> [Task to carry out]:
A verbatim copy of the records below, pictures omitted, is the task.

(Records drawn from a dataset)
···

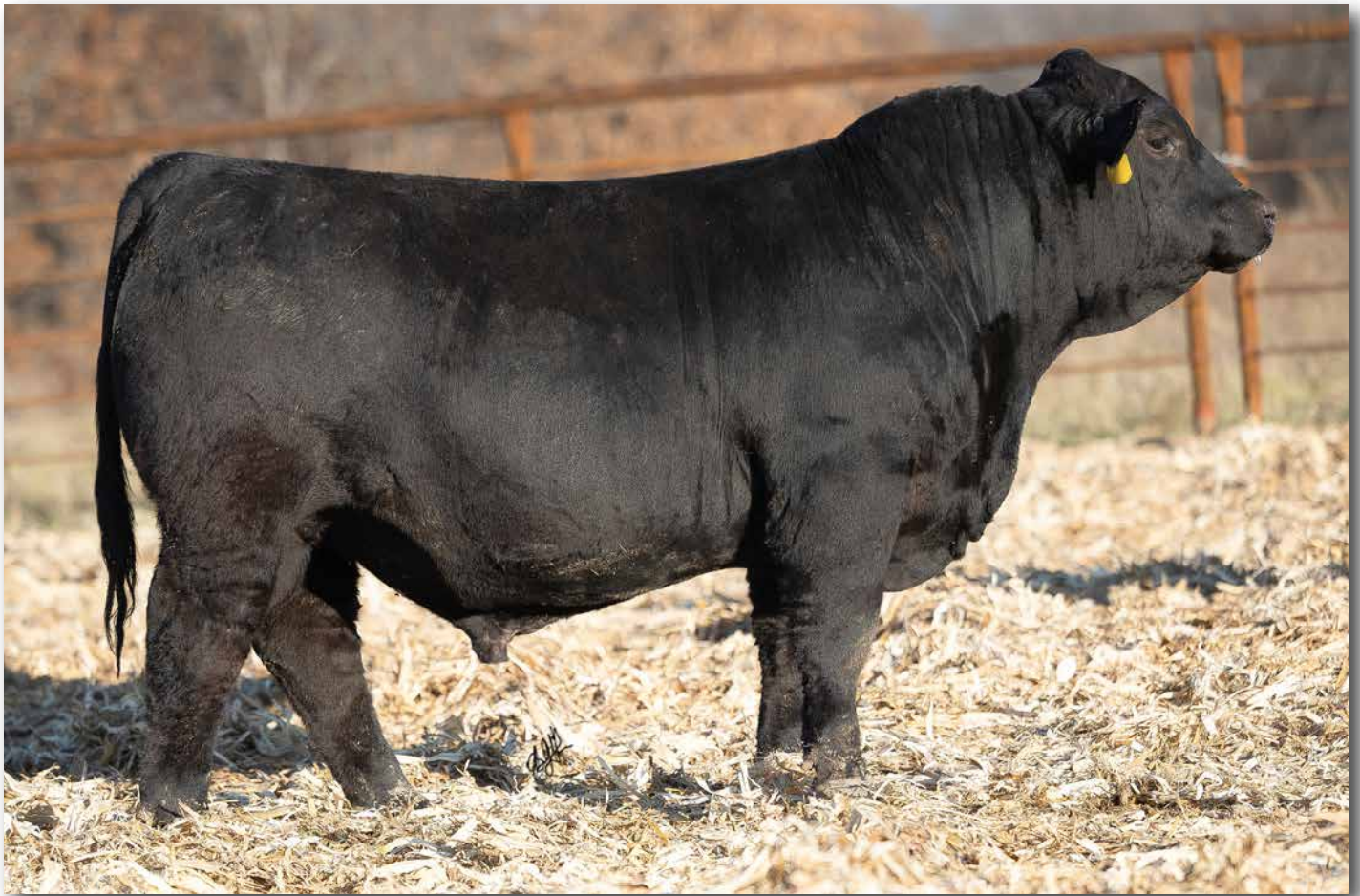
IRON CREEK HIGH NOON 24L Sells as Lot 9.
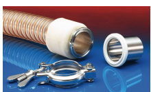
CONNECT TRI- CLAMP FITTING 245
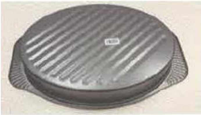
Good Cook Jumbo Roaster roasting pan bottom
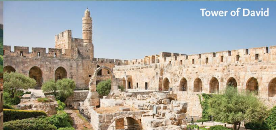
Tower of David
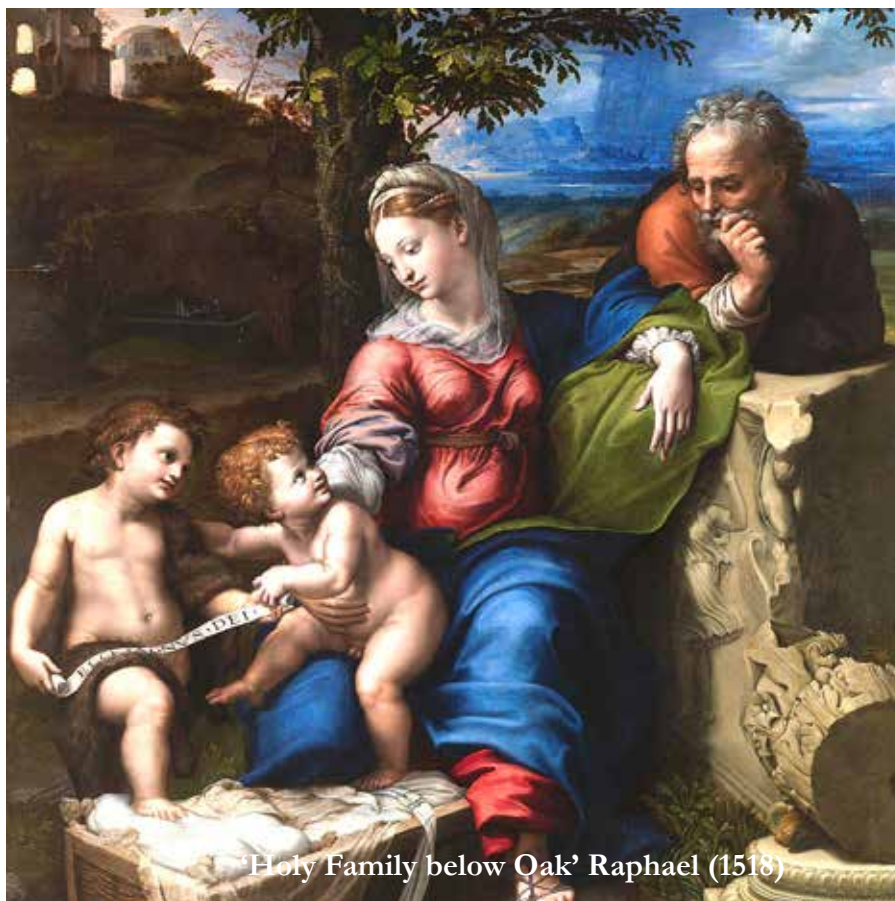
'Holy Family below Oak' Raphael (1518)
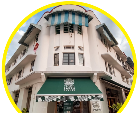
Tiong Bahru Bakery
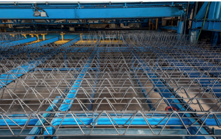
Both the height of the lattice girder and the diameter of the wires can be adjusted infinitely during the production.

···

> [Response box]:
IRON CREEK HIGH NOON 24L Sells as Lot 9.
CONNECT TRI- CLAMP FITTING 245
Good Cook Jumbo Roaster roasting pan bottom
Tower of David
'Holy Family below Oak' Raphael (1518)
Tiong Bahru Bakery
Both the height of the lattice girder and the diameter of the wires can be adjusted infinitely during the production.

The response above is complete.